I voraciously consumed the first hot dog by accident, forgetting to “listen” to the mustard. So I tried another.
My palate could still hear the difference between the two mustards, but this time the Stadium Mustard was singing a different tune: Atop a warm American sausage, the creaminess of Stadium Mustard was no longer a liability. Instead, the mustard played against the meat in a really lovely way. Stadium Mustard’s comparative lack of complexity turned the hot dog into an easygoing, straightforward, tasty experience.
Nevertheless, I still slightly preferred Bertman’s.
“What’s the difference?” I exclaimed, now truly worried for myself.

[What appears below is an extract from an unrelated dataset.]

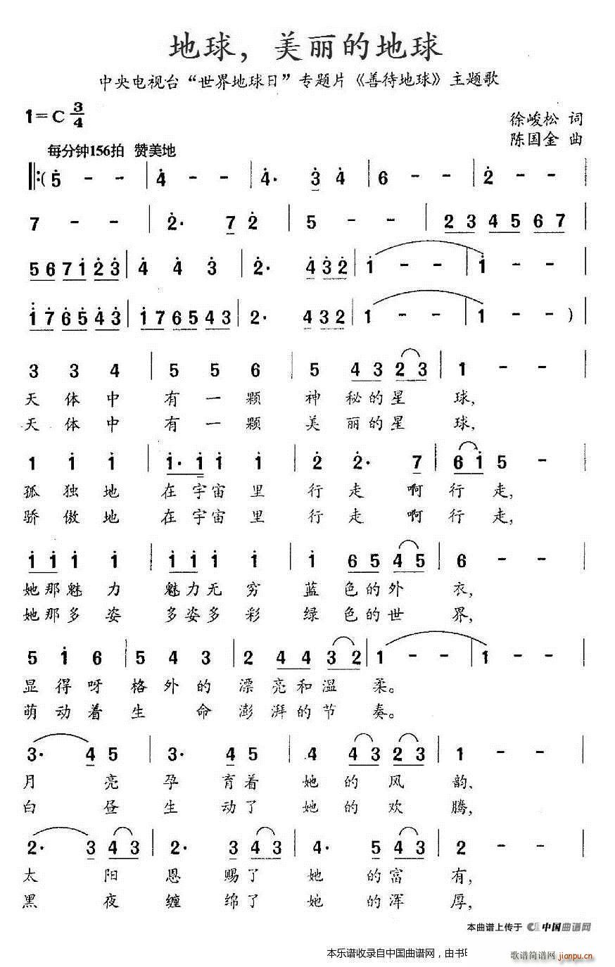 [五字歌谱]《我们的地球》许永刚词,黄清林曲
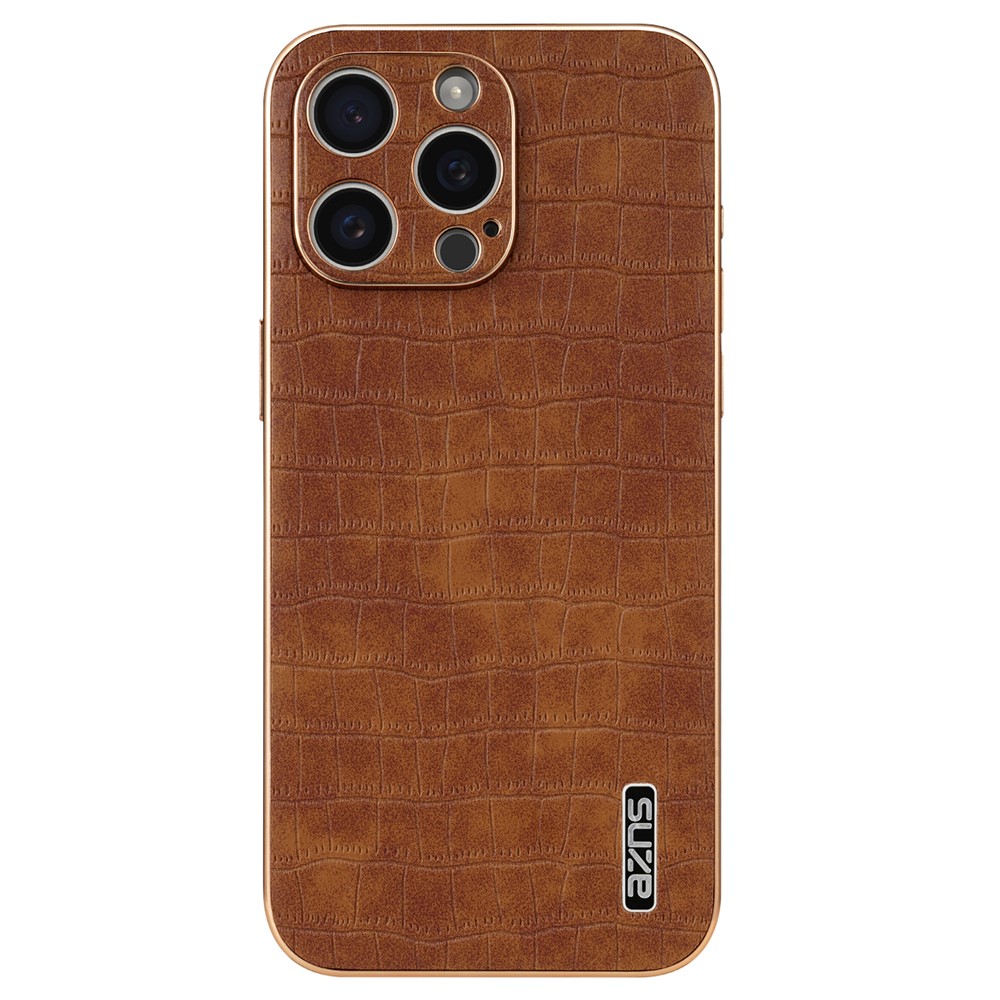 AZNS For iPhone 13 Pro Max Case Crocodile Texture Electroplating PU+TPU Phone Cover – Brown

I grabbed each bottle and skimmed the ingredients. They were identical, except that Bertman’s vinegar is specified as distilled. Meanwhile, Stadium Mustard’s label includes red pepper among its few other ingredients.
Otherwise, both recipes are identical: Both use something called “Mustard #1,” as well as that most unique of spices, “Spices.”
Then I saw it.
“Oh, god,” I said. “Ted! Bertman’s contains sugar!”
Which to buy?
The sugar content (which, I assume, is why I prefer Bertman’s) is sort of a major strike against its recipe. And another strike may well be the current packaging: It is not a bottle I would feel comfortable placing on a table at a BBQ.
The final strike against Bertman’s? It’s still tough to order online. You can find it, but the official website currently only accepts bulk orders by mail.
Not so long ago, you could only buy Stadium Mustard in bulk, too. Now, however, 12-oz Stadium Mustard squeeze-bottles are $17.20 for six (and by my standards, “six” is not “bulk”).
Unfortunately, there is not a “better” or “worse” best mustard. They’re both wonderful, I’m miserable to say. They taste disturbingly comparable, with only subtle textural differences. If pressed, I’d admit that Bertman’s consistency and complexity have the slightest edge, but I don’t think a layperson would notice.
All the same, I do believe sugar is a toxin — it’s incredibly bad for you! — and on the strength of that opinion alone, I’m tempted to guide you toward the more-readily available Authentic Stadium Mustard.
That said, Bertman’s is a specifically-Cleveland tradition, so perhaps you will be charmed into locating and trying a squeeze-bottle for yourself.
Thanks so, so much to Tim Shrimpton for picking up several bottles of Bertman’s for me at an Ohio supermarket!